DATA FOR THE TASK
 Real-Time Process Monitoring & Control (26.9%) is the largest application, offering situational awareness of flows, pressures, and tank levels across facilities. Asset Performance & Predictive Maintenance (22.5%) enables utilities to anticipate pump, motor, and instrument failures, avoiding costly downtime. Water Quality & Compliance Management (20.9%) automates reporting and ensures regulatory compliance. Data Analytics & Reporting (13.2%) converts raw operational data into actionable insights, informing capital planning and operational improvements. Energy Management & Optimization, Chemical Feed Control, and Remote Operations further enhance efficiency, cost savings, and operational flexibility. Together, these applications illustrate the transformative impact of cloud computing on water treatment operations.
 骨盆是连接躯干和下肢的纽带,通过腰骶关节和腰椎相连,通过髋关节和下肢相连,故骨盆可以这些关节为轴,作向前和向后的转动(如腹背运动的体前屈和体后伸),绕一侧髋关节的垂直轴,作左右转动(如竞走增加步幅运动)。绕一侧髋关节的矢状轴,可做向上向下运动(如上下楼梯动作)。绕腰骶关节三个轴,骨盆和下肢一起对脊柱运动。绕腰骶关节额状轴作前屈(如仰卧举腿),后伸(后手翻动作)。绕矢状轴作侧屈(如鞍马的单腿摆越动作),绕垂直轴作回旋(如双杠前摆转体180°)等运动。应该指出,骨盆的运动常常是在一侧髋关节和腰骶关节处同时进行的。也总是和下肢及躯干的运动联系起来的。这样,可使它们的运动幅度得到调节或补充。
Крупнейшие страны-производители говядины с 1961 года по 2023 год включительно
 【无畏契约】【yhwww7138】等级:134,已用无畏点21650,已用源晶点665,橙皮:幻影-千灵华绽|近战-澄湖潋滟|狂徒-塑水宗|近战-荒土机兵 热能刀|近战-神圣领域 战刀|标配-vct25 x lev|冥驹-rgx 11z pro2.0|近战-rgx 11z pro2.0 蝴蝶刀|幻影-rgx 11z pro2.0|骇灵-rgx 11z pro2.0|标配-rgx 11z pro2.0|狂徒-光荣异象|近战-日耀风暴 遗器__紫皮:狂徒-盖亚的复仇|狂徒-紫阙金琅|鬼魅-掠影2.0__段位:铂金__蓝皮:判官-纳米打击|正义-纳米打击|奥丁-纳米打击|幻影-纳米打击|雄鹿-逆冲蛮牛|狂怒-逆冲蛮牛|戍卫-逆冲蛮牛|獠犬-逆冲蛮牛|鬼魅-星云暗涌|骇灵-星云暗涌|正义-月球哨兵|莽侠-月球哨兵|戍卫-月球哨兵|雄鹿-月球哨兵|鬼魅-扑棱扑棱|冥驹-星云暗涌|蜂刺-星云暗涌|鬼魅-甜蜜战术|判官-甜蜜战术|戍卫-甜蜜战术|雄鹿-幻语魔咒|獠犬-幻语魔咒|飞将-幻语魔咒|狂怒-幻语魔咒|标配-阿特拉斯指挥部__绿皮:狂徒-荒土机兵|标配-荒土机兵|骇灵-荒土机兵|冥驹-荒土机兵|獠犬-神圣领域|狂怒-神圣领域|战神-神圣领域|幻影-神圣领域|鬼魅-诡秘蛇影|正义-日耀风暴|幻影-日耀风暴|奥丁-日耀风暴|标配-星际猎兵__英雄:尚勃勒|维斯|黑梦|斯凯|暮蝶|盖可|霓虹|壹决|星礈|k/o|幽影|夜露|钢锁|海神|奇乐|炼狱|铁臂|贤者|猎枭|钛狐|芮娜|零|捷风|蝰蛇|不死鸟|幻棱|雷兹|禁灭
---
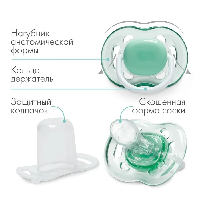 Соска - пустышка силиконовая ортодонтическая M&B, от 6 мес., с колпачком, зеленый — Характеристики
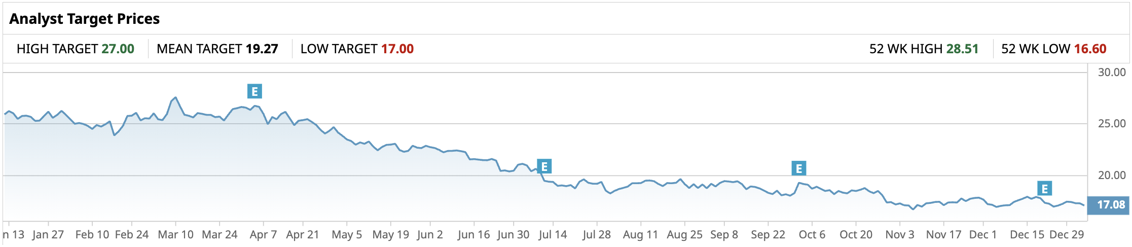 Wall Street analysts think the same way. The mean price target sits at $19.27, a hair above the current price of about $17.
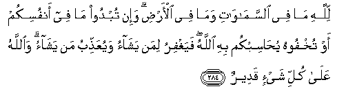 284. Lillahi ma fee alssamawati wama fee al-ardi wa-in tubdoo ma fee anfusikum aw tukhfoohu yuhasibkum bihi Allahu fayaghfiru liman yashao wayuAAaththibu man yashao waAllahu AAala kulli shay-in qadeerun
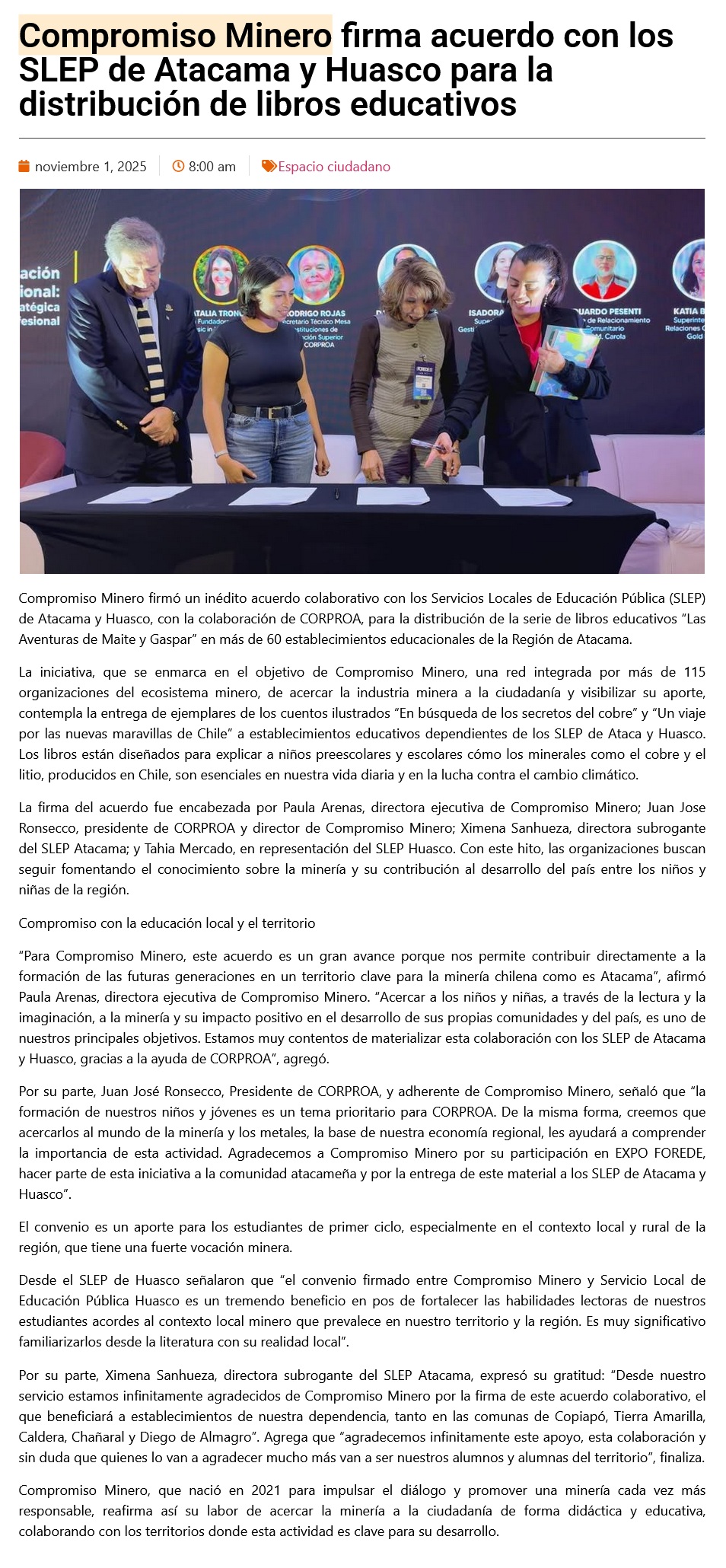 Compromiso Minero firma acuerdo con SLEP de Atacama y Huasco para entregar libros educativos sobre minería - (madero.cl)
* * *
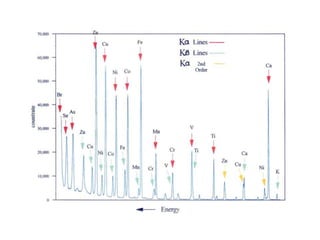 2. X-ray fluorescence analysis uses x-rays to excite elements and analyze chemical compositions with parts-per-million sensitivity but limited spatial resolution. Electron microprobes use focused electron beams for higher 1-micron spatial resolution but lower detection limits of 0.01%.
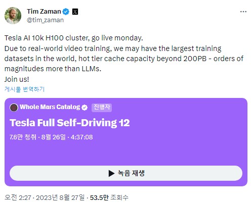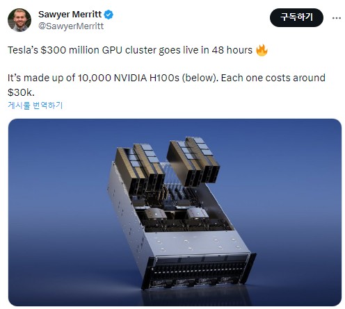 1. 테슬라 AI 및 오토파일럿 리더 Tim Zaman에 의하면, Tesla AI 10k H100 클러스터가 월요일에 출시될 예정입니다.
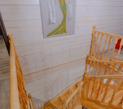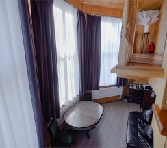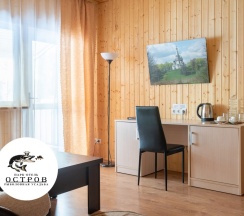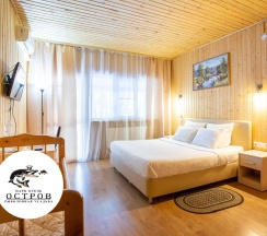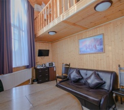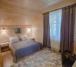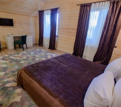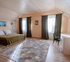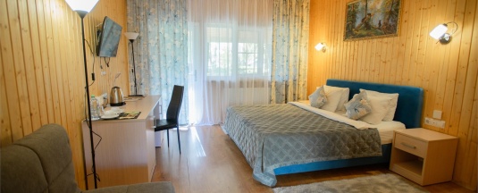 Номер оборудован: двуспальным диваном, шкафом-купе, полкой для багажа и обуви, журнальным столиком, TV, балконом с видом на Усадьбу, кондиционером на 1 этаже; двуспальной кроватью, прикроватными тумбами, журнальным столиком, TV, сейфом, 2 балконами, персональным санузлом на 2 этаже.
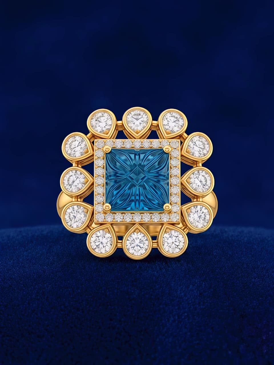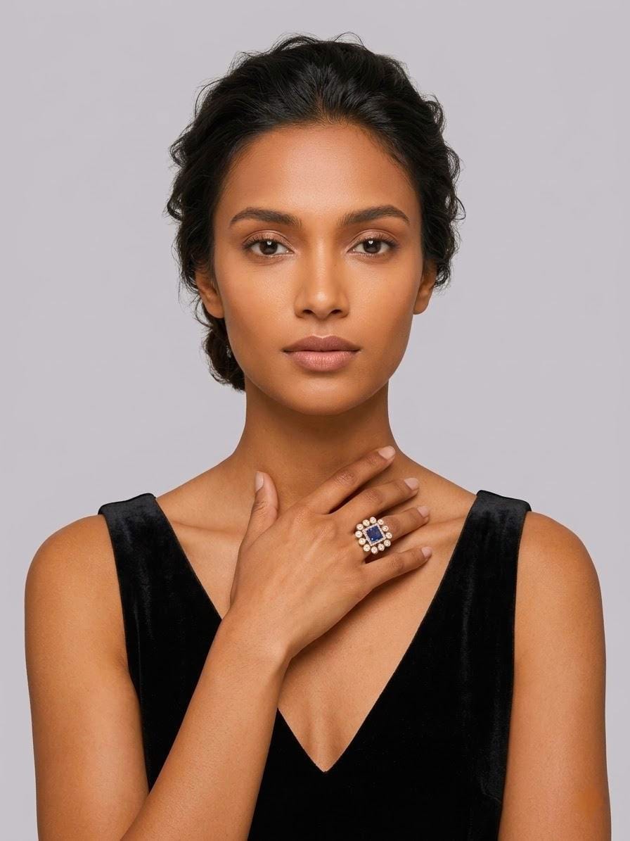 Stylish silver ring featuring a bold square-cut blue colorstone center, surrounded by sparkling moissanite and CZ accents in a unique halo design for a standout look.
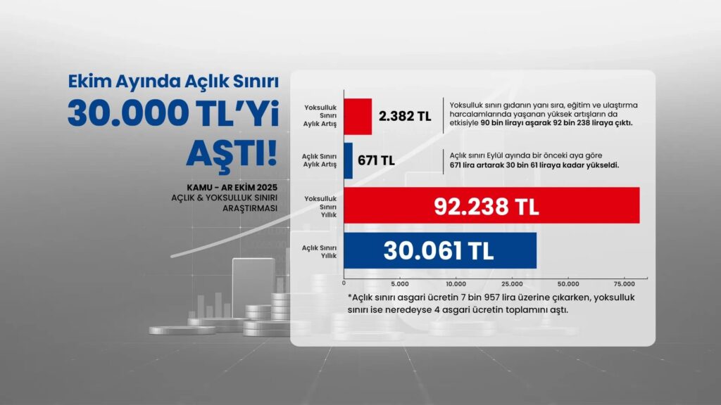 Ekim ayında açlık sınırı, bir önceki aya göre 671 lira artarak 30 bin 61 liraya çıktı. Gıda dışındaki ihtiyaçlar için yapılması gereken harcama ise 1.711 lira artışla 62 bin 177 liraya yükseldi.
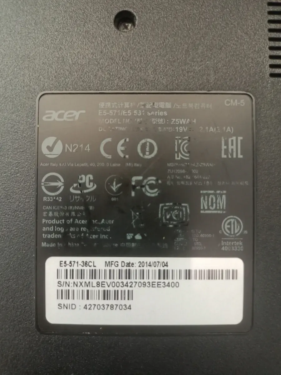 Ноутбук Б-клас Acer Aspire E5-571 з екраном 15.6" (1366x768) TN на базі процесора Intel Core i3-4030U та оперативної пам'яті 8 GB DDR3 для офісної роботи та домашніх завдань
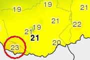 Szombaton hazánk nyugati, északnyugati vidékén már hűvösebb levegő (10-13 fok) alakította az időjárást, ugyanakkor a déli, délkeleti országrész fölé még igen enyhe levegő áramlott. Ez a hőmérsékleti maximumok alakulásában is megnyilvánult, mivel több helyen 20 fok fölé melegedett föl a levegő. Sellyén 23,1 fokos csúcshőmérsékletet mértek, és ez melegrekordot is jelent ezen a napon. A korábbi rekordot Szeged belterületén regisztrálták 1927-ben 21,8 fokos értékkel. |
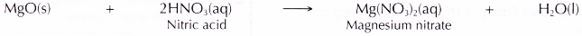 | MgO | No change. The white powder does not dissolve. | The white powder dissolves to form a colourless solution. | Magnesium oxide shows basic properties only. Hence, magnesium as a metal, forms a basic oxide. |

TASK INSTRUCTIONS
Output should consist of the lines above from the one with "Соска - пустышка" down to the one with "Compromiso Minero firma", exact and without pictures.

EXERCISE SOLUTION
 Соска - пустышка силиконовая ортодонтическая M&B, от 6 мес., с колпачком, зеленый — Характеристики
 Wall Street analysts think the same way. The mean price target sits at $19.27, a hair above the current price of about $17.
 284. Lillahi ma fee alssamawati wama fee al-ardi wa-in tubdoo ma fee anfusikum aw tukhfoohu yuhasibkum bihi Allahu fayaghfiru liman yashao wayuAAaththibu man yashao waAllahu AAala kulli shay-in qadeerun
 Compromiso Minero firma acuerdo con SLEP de Atacama y Huasco para entregar libros educativos sobre minería - (madero.cl)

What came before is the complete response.